Впереди был Виль-Роше.
Там, где ещё можно было дышать. Там, где, возможно, ещё осталось место для страны, а не для её обугленного призрака.
Они шли долго, слишком долго для людей, которые привыкли к работе, но не к войне. Дорога к Виль-Роше казалась бесконечной полосой пыли, по которой двигались не бойцы, не освободители, а усталые, измученные тени того, кем они были, когда покидали свои шахты и деревни.
Жоэль шёл впереди.
Он не показывал усталости, не останавливался, когда хотелось, не жаловался, когда ноги подкашивались от жары и пыли, потому что знал: за его спиной идут те, кто всё ещё верит, что этот путь имеет смысл. Хотя с каждым шагом вера таяла.

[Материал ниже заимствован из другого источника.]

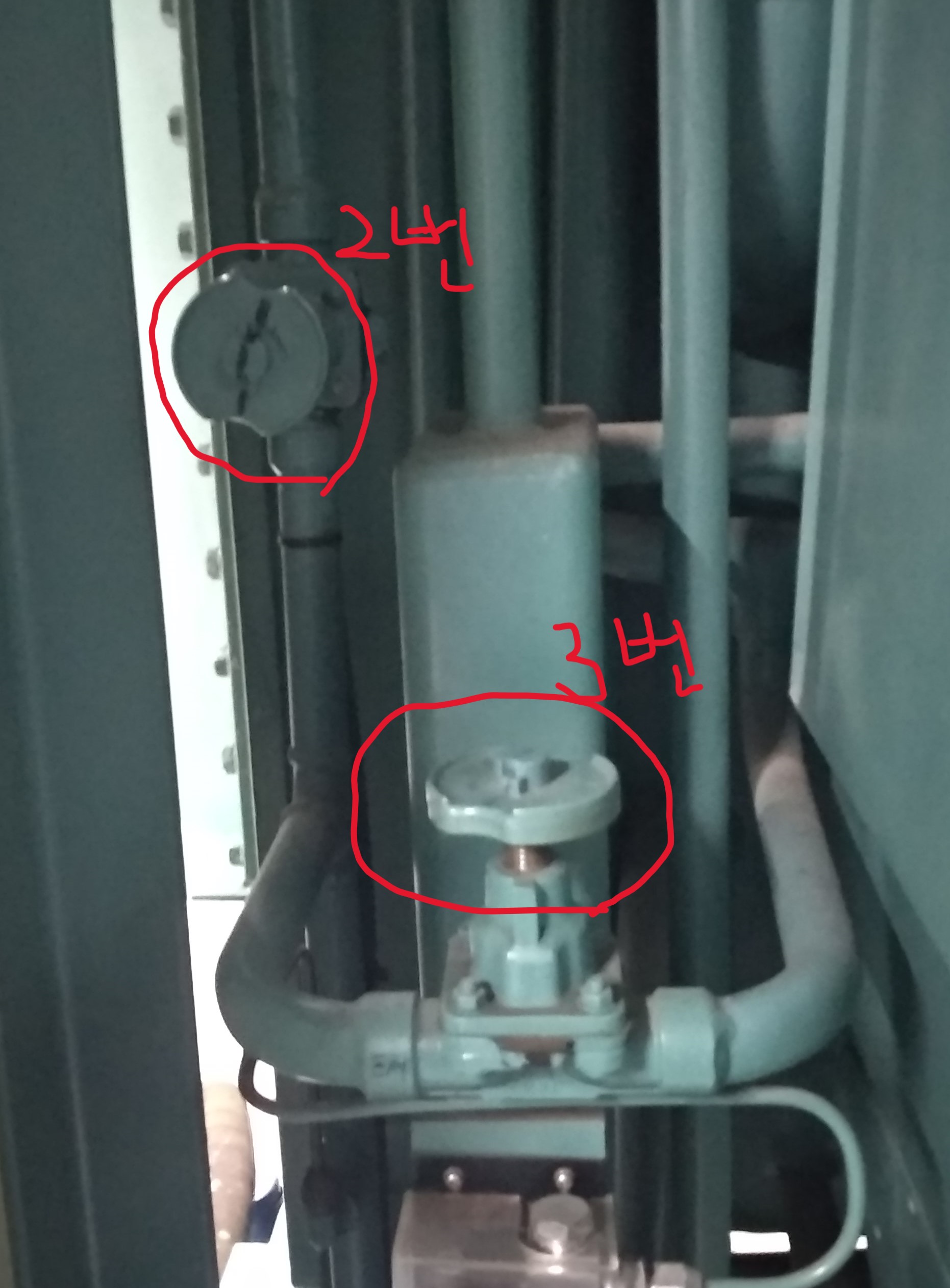 - 3번 밸브 닫고, 2번과 3번 밸브가 모두 닫혔는지 다시 확인합니다.
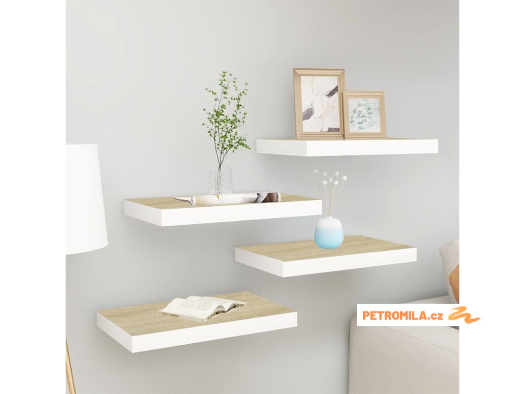 Plovoucí nástěnné police 4 ks dub a bílé 40 x 23 x 3,8 cm MDF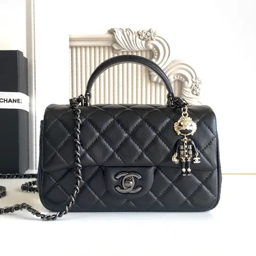 샤넬 CF 뉴미니 램스킨 내장칩 탑핸들 블랙 메탈블랙참 20CM #AS2431

Дым Виль-Роше уже был виден на горизонте, когда они услышали первый выстрел.
Тонкий, хлёсткий звук, который можно было бы принять за лопнувший в жару ствол дерева или за дальний раскат грома. Но за ним последовал второй, третий, и тогда уже никто не сомневался.
Крик часового оборвался на полуслове.
Пули вошли в колонну не волной, не шквалом, а точечно, вырывая людей из строя, как ветер вырывает листья из кроны: один, другой, третий — и всё.
Жоэль успел только поднять руку, чтобы дать сигнал, прежде чем земля под его ногами задрожала от тяжёлого удара миномётного разрыва. Грузовик, шедший вторым, вздрогнул и опрокинулся на бок, разбрасывая людей, ящики, ржавое оружие.
Паника ударила в колонну, как молот. Кто-то бросился в стороны, кто-то нырнул в придорожную канаву, кто-то пытался отстреливаться, стреляя вслепую, без прицела, с криками, в которых больше было отчаяния, чем злости.
Но враг был не там, куда они стреляли. Враг был повсюду.
Жоэль пытался перекричать хаос, его голос срывался, исчезал в шуме стрельбы, в криках раненых, в гуле падающих тел, но он всё равно кричал, размахивая руками, указывая на обочину дороги, на редкие кусты, на любой клочок земли, который мог бы дать хоть какую-то защиту. Он не знал, сколько человек его услышали. Он не знал, кто ещё мог двигаться.
Пули свистели над головой, срывали листья с редких деревьев, впивались в землю, рвали тела тех, кто ещё секунду назад бежал рядом. Грузовики стали ловушками: металл звенел от попаданий, горючее выливалось из пробитых баков, воздух наполнялся запахом крови и солярки.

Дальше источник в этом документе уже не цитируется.